What is required
Within the listing below, the lines to output run from the one containing "Defaults for New Employee Vendor Setup" through the one containing "Foto: Polsek Gunung"; copy them exactly and nothing else.
[Opening Data section]
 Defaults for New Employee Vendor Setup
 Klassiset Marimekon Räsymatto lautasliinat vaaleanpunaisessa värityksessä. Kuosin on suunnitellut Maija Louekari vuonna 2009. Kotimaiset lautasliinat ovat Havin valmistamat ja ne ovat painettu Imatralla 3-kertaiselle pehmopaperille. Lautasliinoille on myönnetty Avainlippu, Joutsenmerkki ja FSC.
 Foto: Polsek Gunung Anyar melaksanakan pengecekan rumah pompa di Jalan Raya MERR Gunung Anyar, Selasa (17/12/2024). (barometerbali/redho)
[Closing Data section]
[Opening Data section]
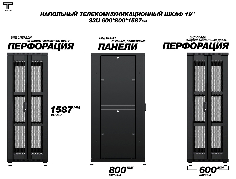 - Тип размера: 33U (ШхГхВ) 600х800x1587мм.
[Closing Data section]
[Opening Data section]
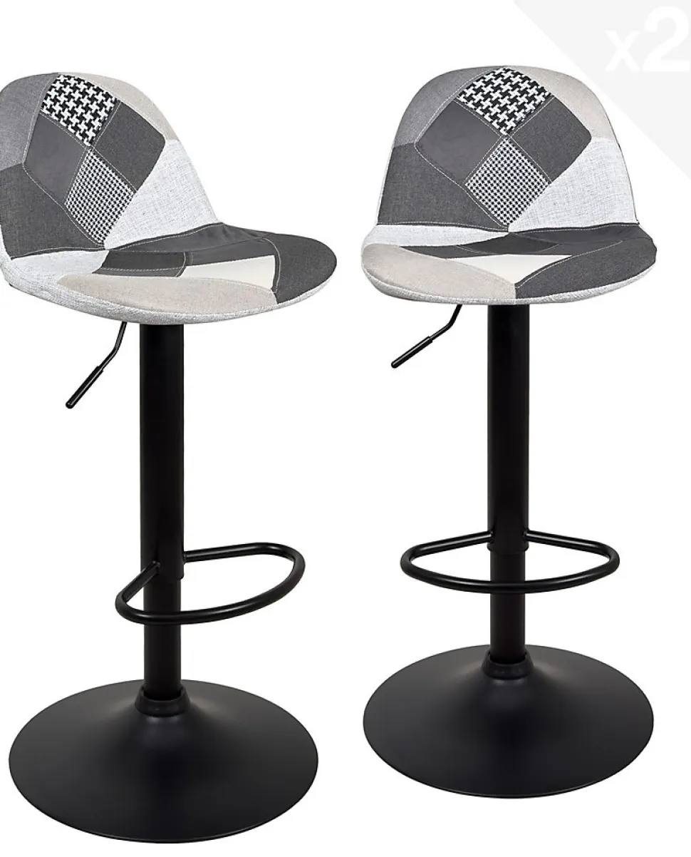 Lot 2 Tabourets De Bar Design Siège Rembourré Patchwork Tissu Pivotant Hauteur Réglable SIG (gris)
[Closing Data section]
Task answer
 Defaults for New Employee Vendor Setup
 Klassiset Marimekon Räsymatto lautasliinat vaaleanpunaisessa värityksessä. Kuosin on suunnitellut Maija Louekari vuonna 2009. Kotimaiset lautasliinat ovat Havin valmistamat ja ne ovat painettu Imatralla 3-kertaiselle pehmopaperille. Lautasliinoille on myönnetty Avainlippu, Joutsenmerkki ja FSC.
 Foto: Polsek Gunung Anyar melaksanakan pengecekan rumah pompa di Jalan Raya MERR Gunung Anyar, Selasa (17/12/2024). (barometerbali/redho)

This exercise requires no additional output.